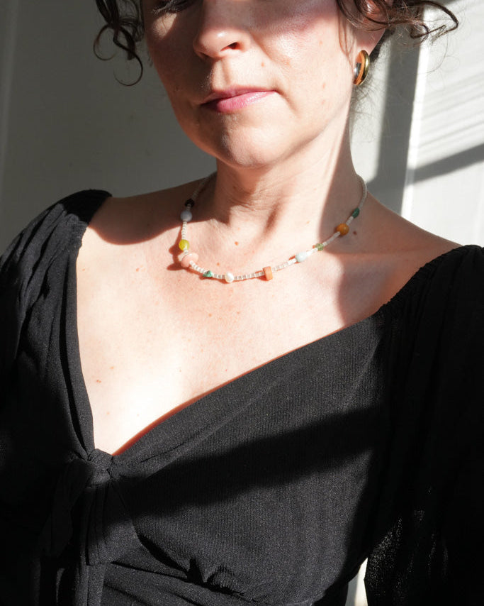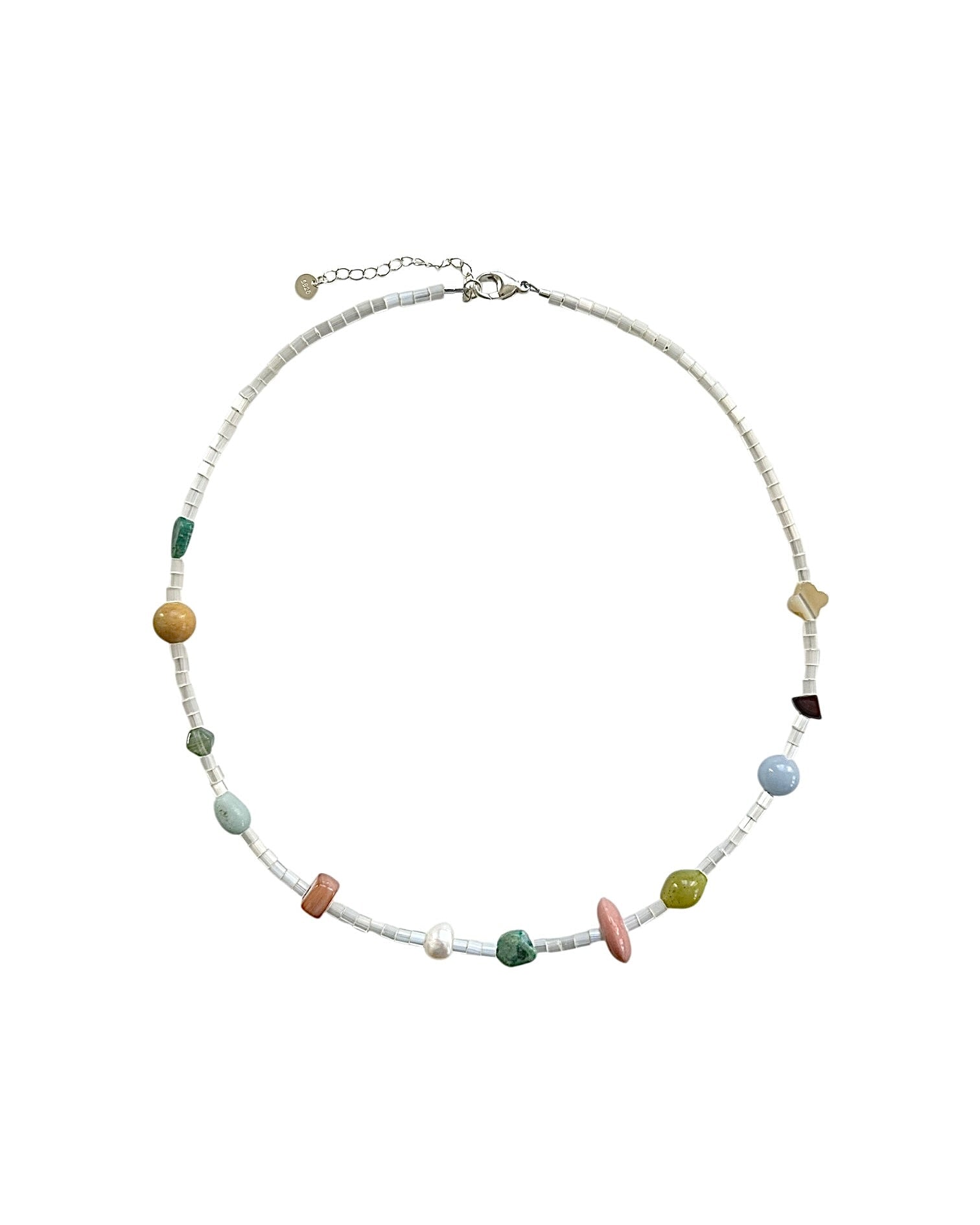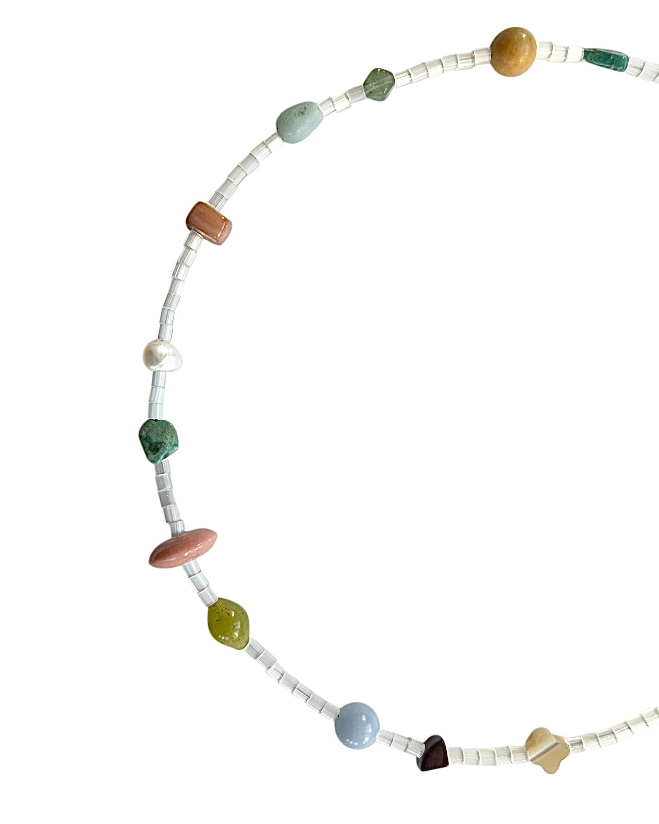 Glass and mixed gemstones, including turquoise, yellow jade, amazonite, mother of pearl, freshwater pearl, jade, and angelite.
---
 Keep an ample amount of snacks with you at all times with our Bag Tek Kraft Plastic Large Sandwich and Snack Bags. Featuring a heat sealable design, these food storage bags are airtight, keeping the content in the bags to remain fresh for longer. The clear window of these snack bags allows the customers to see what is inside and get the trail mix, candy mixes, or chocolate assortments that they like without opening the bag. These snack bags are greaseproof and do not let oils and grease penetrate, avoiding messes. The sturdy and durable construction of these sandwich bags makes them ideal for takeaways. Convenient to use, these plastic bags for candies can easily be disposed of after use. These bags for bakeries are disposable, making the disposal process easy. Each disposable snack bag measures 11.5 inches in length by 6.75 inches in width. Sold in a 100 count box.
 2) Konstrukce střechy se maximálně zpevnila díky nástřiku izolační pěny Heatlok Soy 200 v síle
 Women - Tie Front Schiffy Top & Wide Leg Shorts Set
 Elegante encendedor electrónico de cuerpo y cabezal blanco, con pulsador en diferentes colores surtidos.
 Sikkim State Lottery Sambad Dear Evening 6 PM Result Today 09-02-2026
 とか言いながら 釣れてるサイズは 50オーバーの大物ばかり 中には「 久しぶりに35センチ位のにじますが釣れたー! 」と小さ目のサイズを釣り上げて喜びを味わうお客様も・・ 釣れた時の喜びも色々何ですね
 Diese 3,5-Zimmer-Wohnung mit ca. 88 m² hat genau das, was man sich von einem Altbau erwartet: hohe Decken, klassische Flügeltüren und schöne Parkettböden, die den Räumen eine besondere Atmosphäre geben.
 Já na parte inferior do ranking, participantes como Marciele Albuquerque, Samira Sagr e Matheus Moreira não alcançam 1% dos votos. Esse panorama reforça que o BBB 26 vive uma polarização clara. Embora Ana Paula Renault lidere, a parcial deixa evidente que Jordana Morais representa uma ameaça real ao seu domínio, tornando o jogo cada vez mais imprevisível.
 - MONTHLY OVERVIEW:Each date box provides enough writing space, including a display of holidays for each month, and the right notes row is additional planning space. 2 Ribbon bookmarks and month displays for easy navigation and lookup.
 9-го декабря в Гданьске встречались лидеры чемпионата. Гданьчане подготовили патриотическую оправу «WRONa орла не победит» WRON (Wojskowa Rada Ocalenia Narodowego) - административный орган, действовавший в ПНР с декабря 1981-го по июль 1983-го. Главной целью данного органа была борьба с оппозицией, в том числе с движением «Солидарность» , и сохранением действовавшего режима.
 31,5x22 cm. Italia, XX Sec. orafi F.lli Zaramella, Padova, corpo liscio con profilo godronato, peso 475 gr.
---
-- Exercise --
Take the line above containing "Elegante encendedor electrónico", the line containing "Já na parte", and all lines in between, and copy them exactly without anything else.

-- Reply --
 Elegante encendedor electrónico de cuerpo y cabezal blanco, con pulsador en diferentes colores surtidos.
 Sikkim State Lottery Sambad Dear Evening 6 PM Result Today 09-02-2026
 とか言いながら 釣れてるサイズは 50オーバーの大物ばかり 中には「 久しぶりに35センチ位のにじますが釣れたー! 」と小さ目のサイズを釣り上げて喜びを味わうお客様も・・ 釣れた時の喜びも色々何ですね
 Diese 3,5-Zimmer-Wohnung mit ca. 88 m² hat genau das, was man sich von einem Altbau erwartet: hohe Decken, klassische Flügeltüren und schöne Parkettböden, die den Räumen eine besondere Atmosphäre geben.
 Já na parte inferior do ranking, participantes como Marciele Albuquerque, Samira Sagr e Matheus Moreira não alcançam 1% dos votos. Esse panorama reforça que o BBB 26 vive uma polarização clara. Embora Ana Paula Renault lidere, a parcial deixa evidente que Jordana Morais representa uma ameaça real ao seu domínio, tornando o jogo cada vez mais imprevisível.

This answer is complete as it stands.